Generating the clock is not an issue thanks to FPGA's built in PLLs, but routing on the PCB would likely be a bit more difficult compared to VGA.

i'm also wondering what kind of resolution and color depth you'll be aiming for that can be handled by a 4MHz CPU, or are you planning on putting a small Co-Processor into the FPGA to help with certain graphical features like filling areas, drawing lines and basic shapes, or even manipulating textures (mirror, rotate, translate, scale)?

on a side note, you can have KiCad generate a PDF (in either Color or B&W) of your schematic which you can then directly upload to the forum. it's more convenient than an image since youcan zoom into a PDF without losing detail.
In the Schematic Editor, File -> Plot -> Output Format: PDF

Very cool, Rob! For my G76, I went with a big two-row pin-header, with all signals on one row and grounds on the other, and it works quite well (though I have fewer signals). One thing I have thought about for a future implementation is to try and see if the interface can be built on a PCB that has the same footprint as a 40-pin DIP package, which would make it trivial to install it in a regular socket. It seems kinda possible, especially with a mini-HDMI output.
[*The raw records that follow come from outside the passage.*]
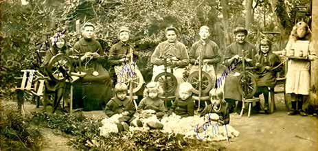 Foto van 1916 tijdens de eerste wereldoorlog met dames van Sint-Lambrechts-Herk aan het spinnenwiel. Deze huisarbeid van 100 jaar geleden bood een extra inkomen voor ongeschoolde vrouwen
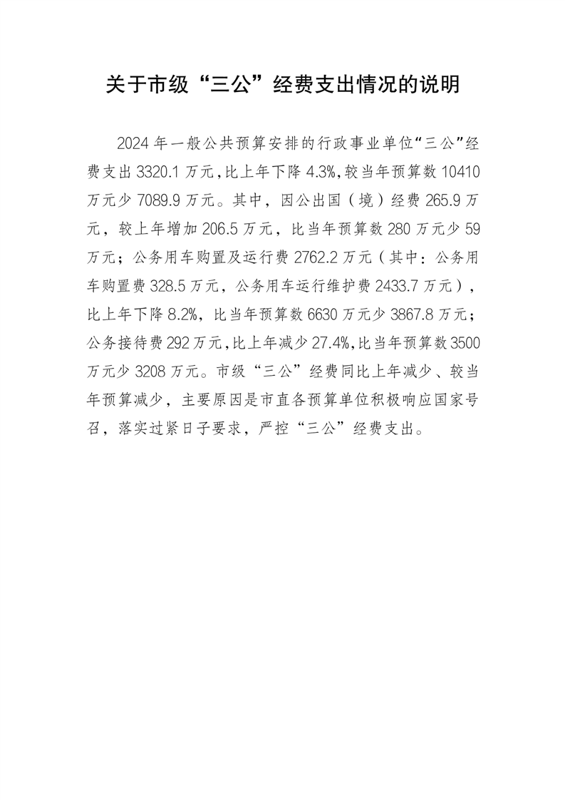 3、按照《预算法》规定需要报告的其它重点事项(含市级汇总“三公”经费决算情况、预备费使用情况等)
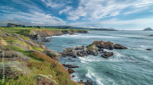 © fanjianhua, Obraz premium Cliffs by the seaside, grasslands
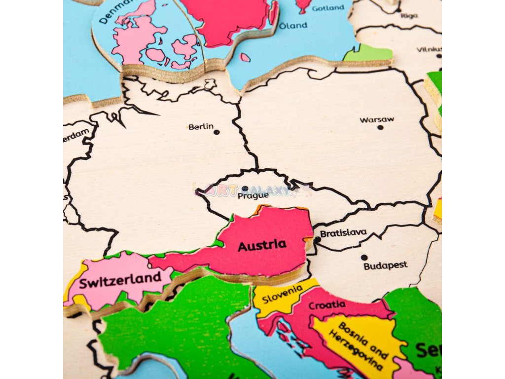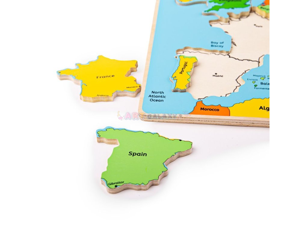 Tato fantastická mapa Evropy zajisté okouzlí zvědavé děti, které se naučí, jak je Evropa spojená. Děti se učí složení Evropy pomocí umísťování jednotlivých dílků na základní desku. Každý díl vkládačky je na ní vyznačen.
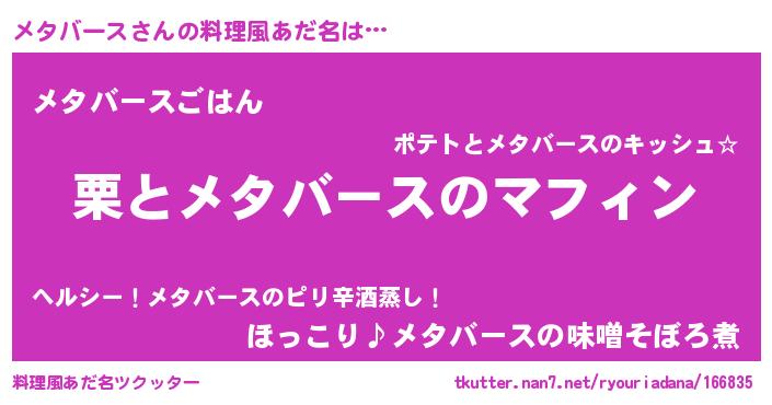 | 胡散臭い通販商品みたいなあだ名 | 『必ず成功する水晶球…その名も「メタバース」』 |
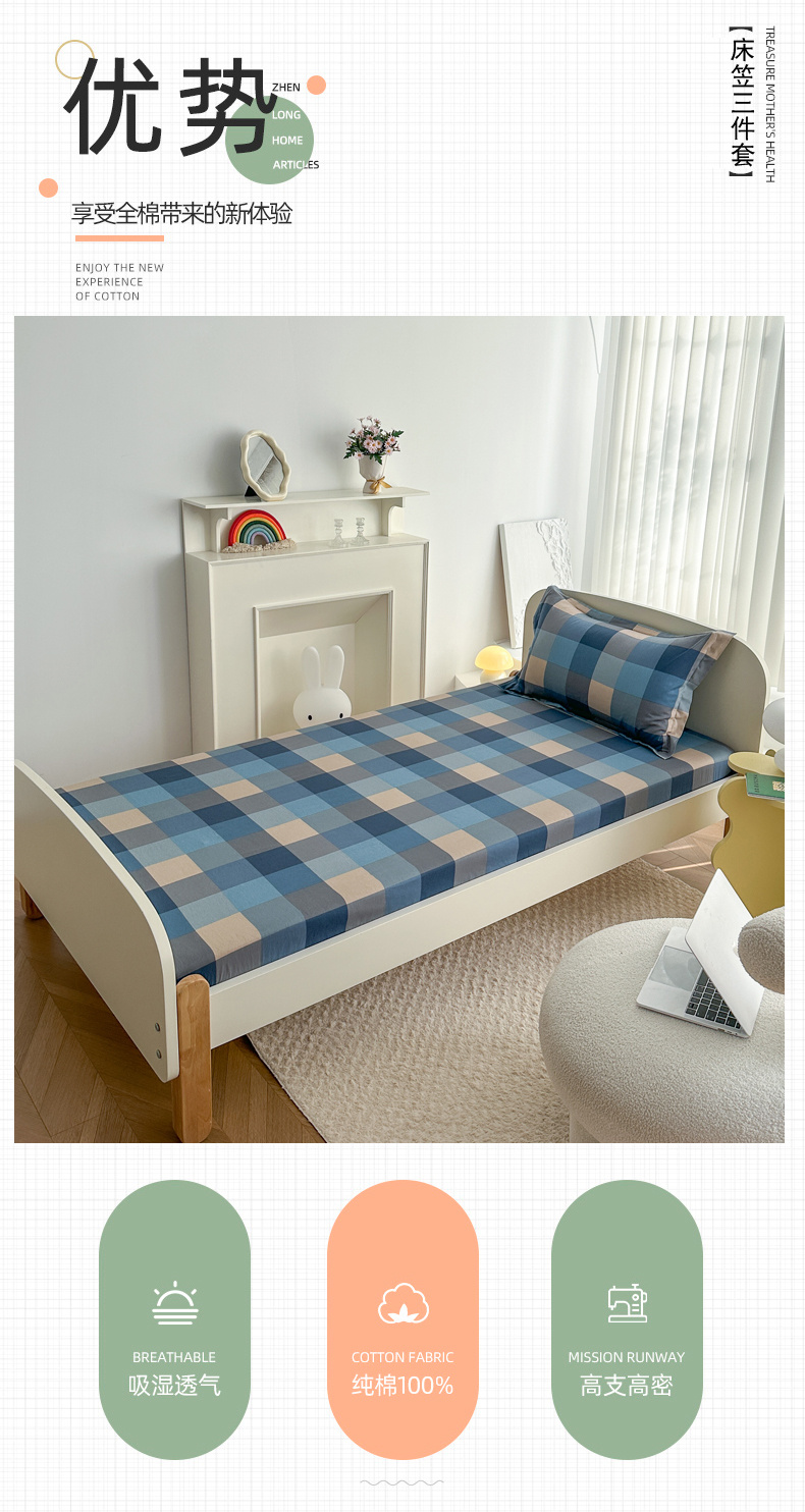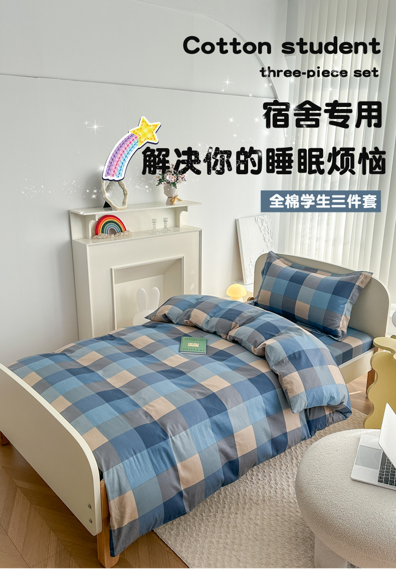 当前位置: 91家纺网 > 商品网购 > 床品套件 > 三件套 > 凌云家纺 2025新款13372全棉学生床笠款三件套 上下铺六件套一整套 灰蓝格
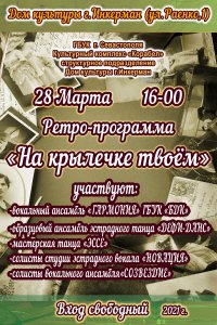 Мелодии 40-х, 80-х, 90-х в исполнении прекрасных коллективов, великолепных солистов! Не пропустите! Вход свободный!"

HDMI output is also on my long-term radar, so I would love to hear more about your progress. I'm sure you've already looked at implementation details, but, just in case, I came across this handy FOSS implementation a while back, so I thought I'd pass it along in case it helps. Good luck!


—Marco

I was going to mirror the functionality of the VIC-II chip but at about 4x the resolution to keep the load on the processor relatively the same. 80x50 text, 640x400 bitmapped graphics two color settable from 80x50 color code bits. Maybe some additional lower res modes. Not planning any accelerator functions to begin with, but maybe at a later date. I have already done an Amiga like Blitter and Copper for another project along with roto-zoom so I may port some code.

Unlike the VIC-II chip, the row and column addressing for the DRAM is going to correspond so that FPM may be used. Rows using address bits A12 to A23 and columns from A0 to A11.

The boot ROM is going to be in the FPGA to allow easy reprogramming. The video circuit select will be decoded from the row address bits A12 to A23. I may include a second DRAM chip so a full complement of memory is available.


Where can I find more information on the G76?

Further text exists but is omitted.